Tailoring nanoprecipitates for ultra-strong high-entropy alloys via machine learning and prestrain aging

doi:10.1016/j.jmst.2020.07.009

Abstract

Abstract:

The multi-principal-component concept of high-entropy alloys (HEAs) generates numerous new alloys. Among them, nanoscale precipitated HEAs have achieved superior mechanical properties and shown the potentials for structural applications. However, it is still a great challenge to find the optimal alloy within the numerous candidates. Up to now, the reported nanoprecipitated HEAs are mainly designed by a trial-and-error approach with the aid of phase diagram calculations, limiting the development of structural HEAs. In the current work, a novel method is proposed to accelerate the development of ultra-strong nanoprecipitated HEAs. With the guidance of physical metallurgy, the volume fraction of the required nanoprecipitates is designed from a machine learning of big data with thermodynamic foundation while the morphology of precipitates is kinetically tailored by prestrain aging. As a proof-of-principle study, an HEA with superior strength and ductility has been designed and systematically investigated. The newly developed γ′-strengthened HEA exhibits 1.31 GPa yield strength, 1.65 GPa ultimate tensile strength, and 15% tensile elongation. Atom probe tomography and transmission electron microscope characterizations reveal the well-controlled high γ′ volume fraction (52%) and refined precipitate size (19 nm). The refinement of nanoprecipitates originates from the accelerated nucleation of the γ′ phase by prestrain aging. A deeper understanding of the excellent mechanical properties is illustrated from the aspect of strengthening mechanisms. Finally, the versatility of the current design strategy to other precipitation-hardened alloys is discussed.

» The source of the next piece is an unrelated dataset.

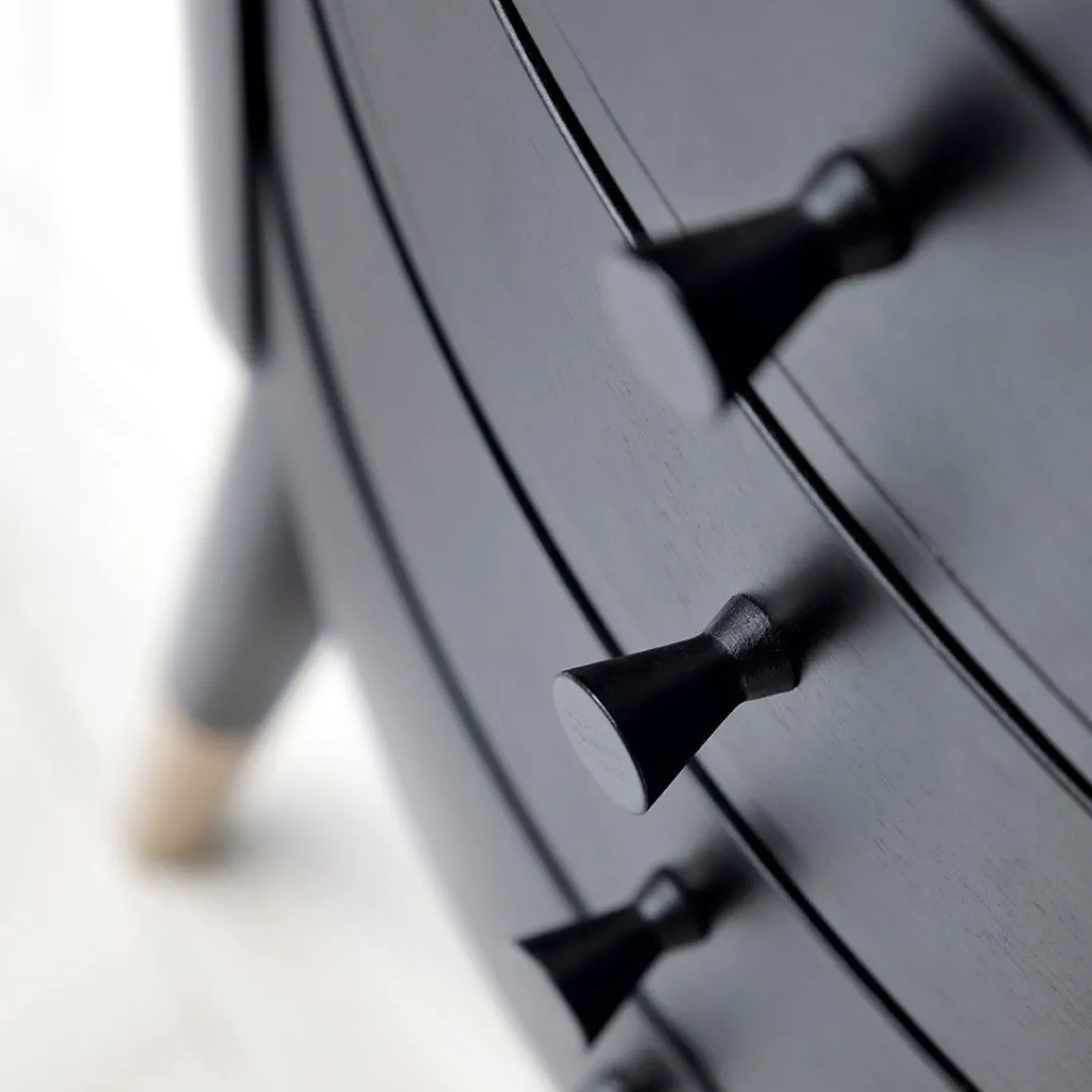 Eklektyczny stolik z piramidą szuflad, zawadiacko łączący dwie estetyki. Cylindryczny korpus z blatem o profilowanej krawędzi to dziedzictwo klasycyzujących mebli stylowych. Ale wtręt z innego świata form dodaje mu nowej energii – to wysokie nogi, skośnie odstawione niczym podpory marsjańskiego lądownika, dowcipny cytat z niesfornych lat 1960. Stoliki z Kolekcji...

Key words: High-entropy alloys, Machine learning, Prestrain aging, Mechanical properties, Strengthening mechanisms

Tao Zheng, Xiaobing Hu, Feng He, Qingfeng Wu, Bin Han, Chen Da, Junjie Li, Zhijun Wang, Jincheng Wang, Ji-jung Kai, Zhenhai Xia, C.T. Liu. Tailoring nanoprecipitates for ultra-strong high-entropy alloys via machine learning and prestrain aging[J]. J. Mater. Sci. Technol., 2021, 69: 156-167.

Figures/Tables 10

Fig. 1. Schematics of the current alloy design strategy based on ML: (a) The general procedure of ML in this work; (b) The network structure of ANN for the selection of alloys satisfying the target properties.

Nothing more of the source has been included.